The Lakeland City Commission adopted a tentative millage rate of 5.4323 mills and approved a tentative budget for fiscal year 2026 during a public hearing, voting unanimously to advance the proposals to the required second hearing and final adoption.
City Manager Sean Charles told commissioners that the budget preserves the commission's reserve policy and is built on property-value growth information from the property appraiser. "This is one of our biggest nights of the year," Charles said as he opened the presentation. Finance Director Mike Brosart summarized the tax-rate options and told the commission the staff "is not recommending a millage increase. We're recommending staying at the 5.4323."
The nut of the proposal: the millage rate would remain unchanged from the current rate; the proposed budget programs a 6.84% growth in taxable value for FY 2026 based on the property appraiser's data and assumes a 6% average for the following two years for planning purposes. The budget keeps the general fund reserve at the policy target of 45 to 60 days cash on hand and includes ongoing operational costs, personnel changes and a set of capital and maintenance projects across utilities, public works, parks and public safety.
Major budget elements and staff explanations
- Property values and reserves: Staff said the property-appraiser figure of 6.84% was used in the FY 2026 revenue projections. The budget maintains the city's policy goal of 45–60 days of cash on hand; staff projected about 46 days by FY 2028 under current assumptions.
- Personnel and compensation: The budget programs a 2% across-the-board salary adjustment for general employees, and a 2% across-the-board adjustment for police bargaining unit scales and 1.5% for the fire bargaining unit. Merit increases are included where eligible (generally 2.5–3%, depending on position relative to the pay midpoint). City staff said they will commission a market-pay study in the coming year to confirm competitiveness. City Manager Charles described the PMF (program, manpower and funding) review process and explained that some positions were reclassified, some added and some deleted; staff reported a net reduction of one full-time position and one part-time position and an overall personnel net savings of about $25,000 compared with the prior year.
- Benefits and insurance: The proposed budget reflects a projected employee contribution increase in health-insurance costs and staff estimated a 13% increase to employee-paid health premium and a 14.5% increase to the city's portion of health insurance costs, driven primarily by industry cost trends and recent large claims.
- Department-level changes: Examples presented by staff included reclassifying 11 police records associates because of changes to duties and reporting requirements; deleting one vacant public-safety aide position in Police (net savings about $30,000 after reclassifications); adding three firefighter positions and one fire equipment mechanic (staff said adding firefighters reduces costly overtime and yields a projected overtime savings of about $180,000); deleting a vacant HR specialist position (estimated savings about $127,000); and several reclasses and additions in Lakeland Electric and water/wastewater utilities (Lakeland Electric net savings after proposed changes cited as about $167,000; water/wastewater changes include a cybersecurity manager and trade position adjustments, with a net cost increase noted at about $144,000 for certain water-utility changes).

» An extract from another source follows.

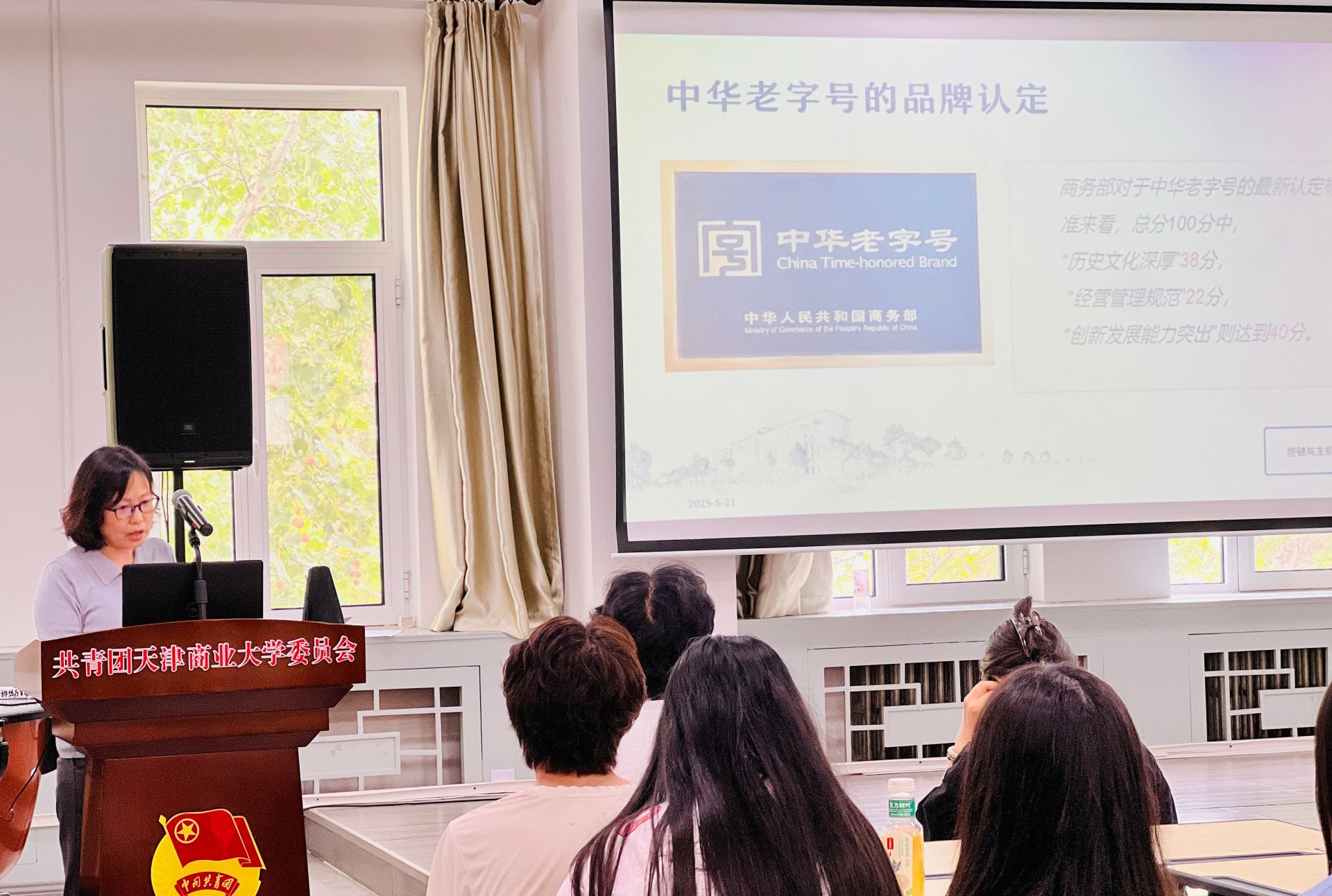 在老字号专题文化讲座环节,马克思主义学院王迎新教授从近期热门电影《哪吒之魔童闹海》引发天津老字号热度切入,带领学生们探索天津老字号的古往今来。讲座主要从中华老字号的品牌认定、天津中华老字号的情况以及天津中华老字号的创新发展三个方面展开。王老师通过生动的语言、详实的数据、典型的案例,让学生感受中华老字号深厚的历史积淀、独特的制作技艺和广泛的社会认同,让学生了解天津中华老字号的整体情况、典型代表和创新发展现状。

- Capital and maintenance projects: Staff highlighted multiple projects across target areas tied to the city’s strategic plan. Notable items described included Larsson and McIntosh plant upgrades at Lakeland Electric (projects in the low millions each), a suite of wastewater and sewer-line maintenance projects (staff cited roughly $18 million in sewer-line work that includes downtown master-plan projects and Western Trunk-related work), a Glendale digester improvements design ($1.2 million), a Glendale plant boiler replacement ($1 million), airport projects including a taxiway-shoulder construction project (approximately $7.2 million) and an airport business-plan update ($354,000), and investments in sidewalks, roadway and downtown parking infrastructure. Staff also identified ongoing affordable-housing incentives and assistance programs (amounts in the mid-hundreds of thousands to low millions).
Why it matters
Keeping the millage rate steady while programming planned capital work and personnel adjustments signals that the city is relying on property-value growth and internal efficiencies to fund operations and projects without a tax-rate increase. Staff emphasized reserve policy and budget discipline to preserve the city's ability to respond to emergencies and to fund long-lived infrastructure.
Votes and next steps
The commission voted unanimously to adopt the tentative millage ordinance (Ordinance No. 25-032), which sets the tentative rate at 5.4323 mills, and to adopt the tentative appropriation ordinance (Ordinance No. 25-033) to set appropriations for the fiscal year. Both measures advance to a second public hearing and final adoption scheduled for 6 p.m. on Sept. 18, 2025.
Staff and commissioner comments
Commissioners praised the year-long workshop process and department reviews that preceded the hearing. Several commissioners noted the budgeting work made possible recent infrastructure investments and state legislative appropriations and credited staff for limiting requests and finding efficiencies through the PMF process. Finance Director Brosart emphasized the city's relative position among peers on the tax-rate comparison slides presented to the commission.
Looking ahead, staff said the FY 2026 budget will be refined only through the remaining public process and final adoption, and several commissioners requested continued updates once the market-pay study and other review items are completed.